Well-Architected Framework

The Well architected framework comprises several elements:

  • The Well-Architected white paper
  • Hands-on Labs
  • The Well Architected Tool
  • Well-Architected Lenses (Domain specific white papers, such as the Machine Learning Lens)
  • A set of General Design Principles

AWS also run a Well Architected Partner Program which allows AWS Partners to provide expertise and help in using the Well Architected resources to enhance their workloads. I'll explain more on this near the end. I work for an AWS Partner and I am a Well Architected Lead, however this post aims to provide an understanding of what the Well-Architected framework is and where it could be useful.

Background

The Well-Architected framework was developed in AWS initially as an internal tool. The reasoning behind creating the framework to standardise approaches to developing new applications and for their Solution Architects to provide a standard set of recommendations along common lines. The framework has evolved a few times, in October 2015 they released the white papers, then in December 2018, the Well-Architected Tool was released.

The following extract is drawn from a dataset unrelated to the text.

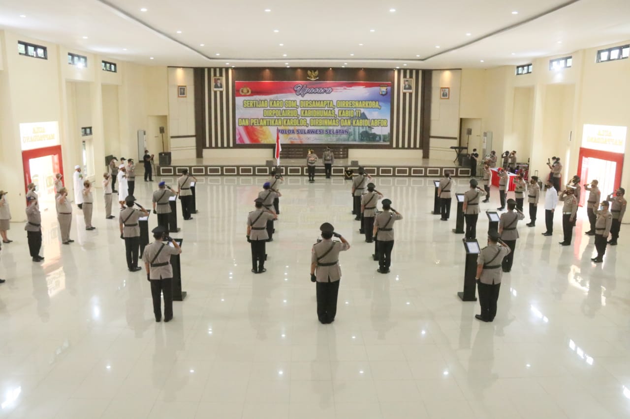 Adapun jabatan yang diserahterimakan yakni Karo SDM, Dir Samapta, Dir Resnarkoba, Dir Polairud, Kabid TIK, Kabid Humas, serta pelantikan Karo Log, Dir Binmas, dan Kabid Labfor Polda Sulsel.

What is the Well-Architected Framework?

The core of the Well-Architected Framework is the advice presented in the white papers, that will cover several areas to provide you with advice on a wide range of topics (more on these below in the 5 pillars section). These white papers are then further enhanced by the Lenses, which are domain specific advice for areas such as Machine Learning, Internet of Things, Serverless and others.

The Well Architected Tool is a free service in the AWS Console that allows you to go through each of the key areas and asks questions to allow you to think of specific areas of your workload and identify any gaps in your process that will improve each of the focus areas.

There are also hands-on labs available to cover areas that will help you improve your workloads.

What the Well-Architected Framework wont do.

The Well-Architected Framework is designed to help you identify any number of workloads by looking at how you design, deploy and support those workloads. It's aim is to provide general principles about how to go about designing systems and architecture that is scalable, highly available and efficient, while also designed to be supported and cost controlled.

However, the framework is not prescriptive, and it is not intended as an auditing tool. There won't be specific recommendations on which services to use or which deployment system is the best, as these things are usually very situation dependant. There can be workloads where one approach is better than another, while other workloads are the opposite.

AWS also don't provide any guarantees on a workload being 'Well-Architected', the tool is there to provide areas to focus on and discuss, and the advice changes over time.

The framework provides you with approaches to make informed decisions and gives you suggestions on ways to find out which approach is best for you.

As an example, here is an extract from one of a question targeting deployment risks. One of the suggested areas to focus on is to use a deployment management system, but there is no mention of which one to use. AWS do have deployment management systems, such as CodeDeploy, but they also realise that other CI/CD options are available and may be better than their own offering for specific use cases.

Screenshot 2020-10-15 at 21.42.13.png

Design Principles

AWS have provided several General Design Principles that guide the rest of the advice from the framework.

Their definitions are here: https://wa.aws.amazon.com/wat.design_principles.wa-dp.en.html

I have also detailed them below, with my own explanations.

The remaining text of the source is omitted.